Escuchar música, ducharse, dejar que el agua abrace con su calor la piel tensa,
la espalda contracturada.
Acariciarse con el jabón como volviendo a un refugio.
Sentirse la piel.
Tocarse con las propias manos.
Esa sensación de novedad de algo tan simple: sentir-se. Tocar-se.
Descansar del agobio. Interrumpir el ritmo cotidiano.
No es la primera vez que escribo sobre el cuerpo, el cansancio, la música, la ducha.
Revivir porque no se vive realmente en el día.
Y el cuerpo.
El cuerpo, de nuevo.
Que pide música. Que pide agua. Que quiere danza. Que quiere pausa.
Que ahora pide escritura.
No transcribe. No traduce.
Escribe. Seduce.
A estos dedos que necesitan seguir tocando ahora el teclado,
decir el cuerpo que son,
el cuerpo que soy,
el cuerpo que somos.
Un cuerpo que es siempre un infante,
siempre demandante,
siempre necesitando, siempre reclamando.
Como nosotros. Como nosotrxs.
Escritura que no es inspiración: es respiración.

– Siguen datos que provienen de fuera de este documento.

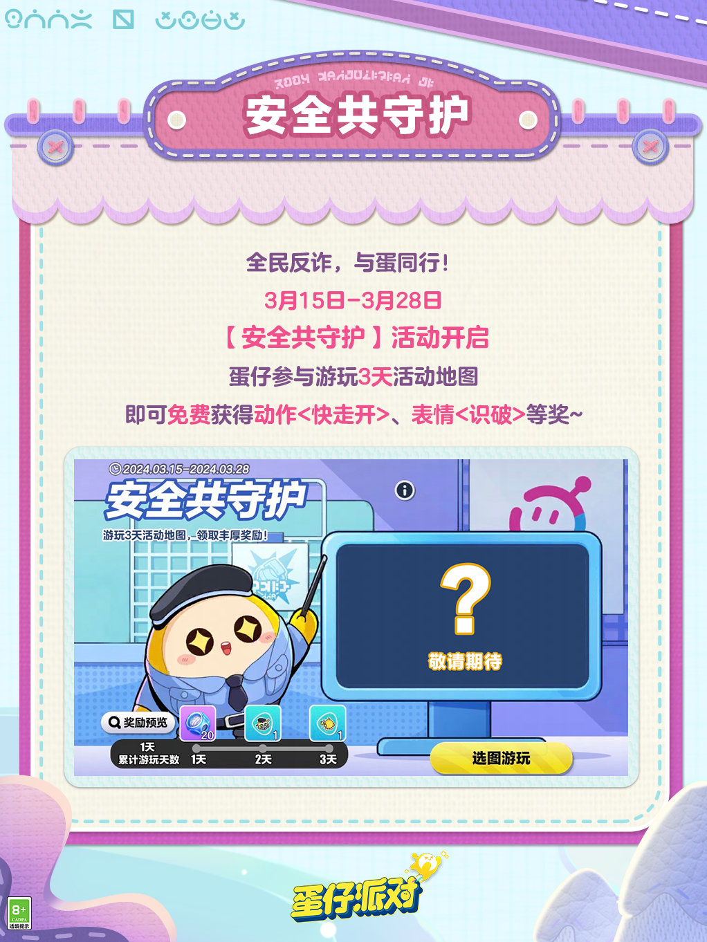 【安全共守护】活动开启,参与游玩3天活动地图,即可免费获得动作<快走开>、表情<识破>等奖励~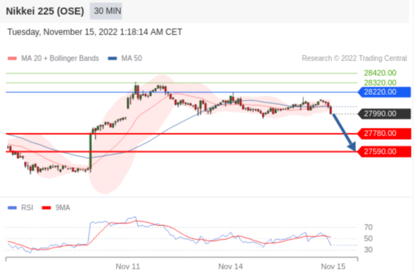 交易策略: 在 28220.00 之下,看跌,目标价位为 27780.00 ,然后为 27590.00 。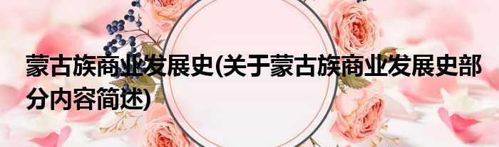 蒙古族商业发展史(关于蒙古族商业发展史部分内容简述)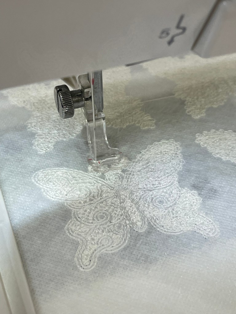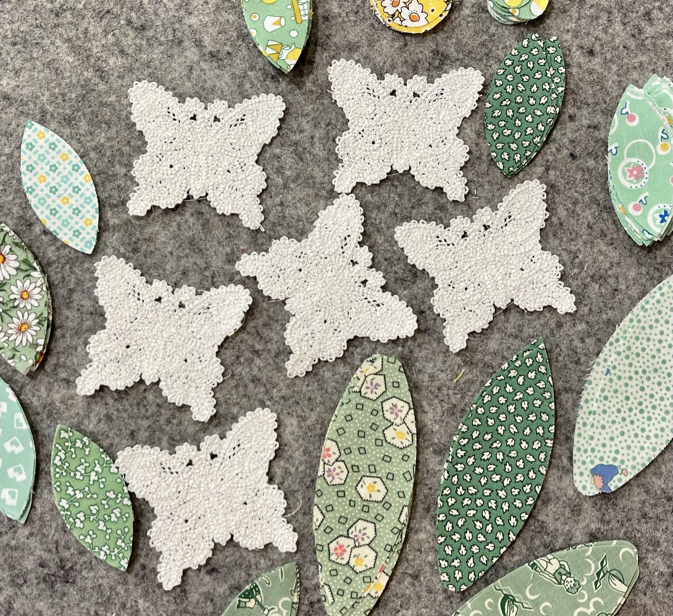 Larger daisy flowers and hand embroidered lazy-daisy flowers. I have yet to heat remove the lazy-daisy petal stitching lines.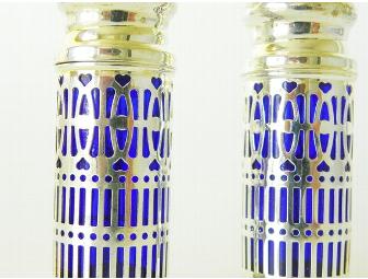 Antique Cobalt and Silver Salt and Pepper Shakers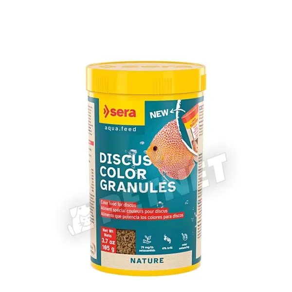 Granulált táp a diszkoszhalak különleges igényeihez igazított tápértékkel. Lassan süllyedő táp, így igazodik a fajta természetes táplálkozási szokásaihoz. Csíramentes, így nem áll fenn a fertőzés veszélye, mint a fagyasztott eledeleknél. Piros színű granulátum.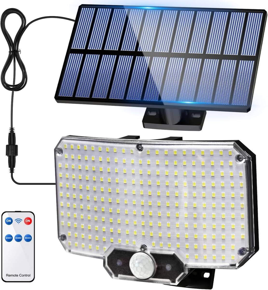 - ソーラーセンサーライト 屋外 234LED リモコン付き 分離型 5M延長コード 人感センサー モード3つ ソーラーライト 自動点灯/消灯 停電時用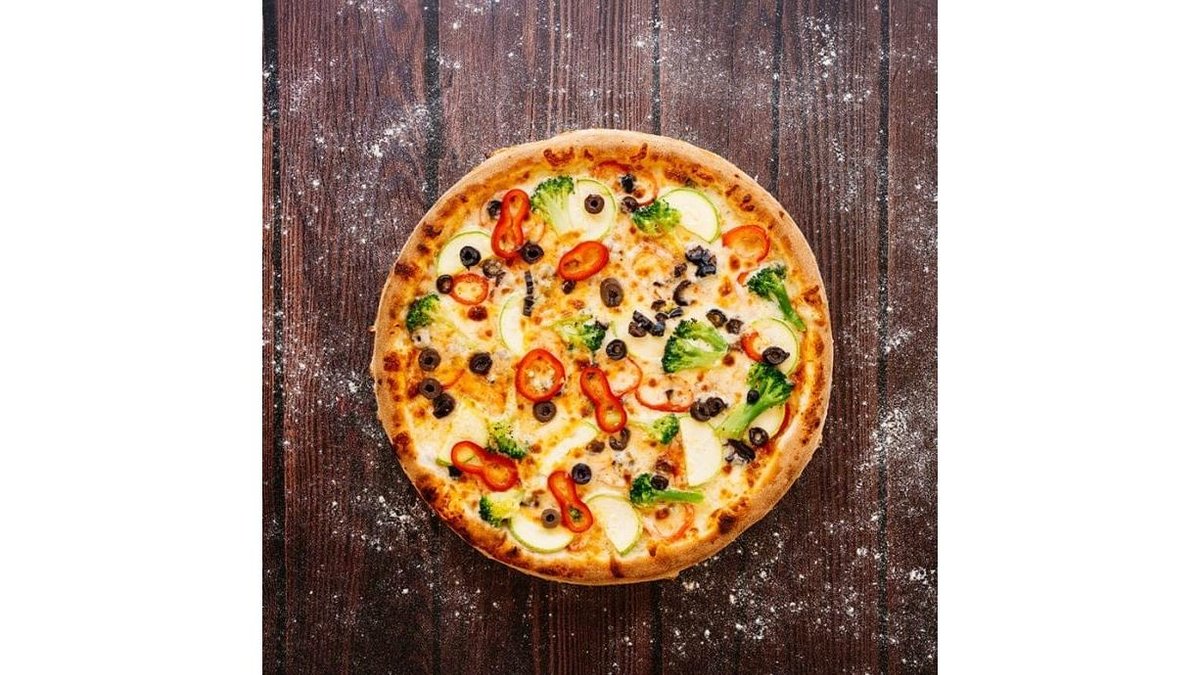 Sos rosii, mozzarella, topping pizza, broccoli, masline kalamata, dovlecei, ardei gras, usturoi

También respiramos con las palabras:
el cuerpo respira con las palabras.
Escribe y exhala.
Emana sentido.
No construye. No produce.
Regala palabras.
Dedos y marcas, garganta y aire, contracción y significación.
El cuerpo, de nuevo, que me habla.
Mi cuerpo me habla.
Me pide el agua, el corte, el momento, la escritura, el baile, el descanso.
Que se silencie la interioridad.
Que se calle un poco el mundo de lo diario.
Que le de los minutos, el derecho al tiempo:
el suspenso del agua,
la libertad de la desnudez,
el remanso del sonido que no se emite,
la danza de los dedos,
la musicalidad de la escritura,
el éxtasis de la pausa.
La revolución de por un momento ya no el antes y el después,
ya no la sucesión serial.
El cuerpo exige su tiempo-quietud paradojal
contra lo productivo-laboral-cerebral.
¿Qué tendrán en común ducharse, bailar y escribir
como un modo de esa versión feliz
de la soledad que se siente libertad,
que se siente con el cuerpo
en un modo significante del silencio?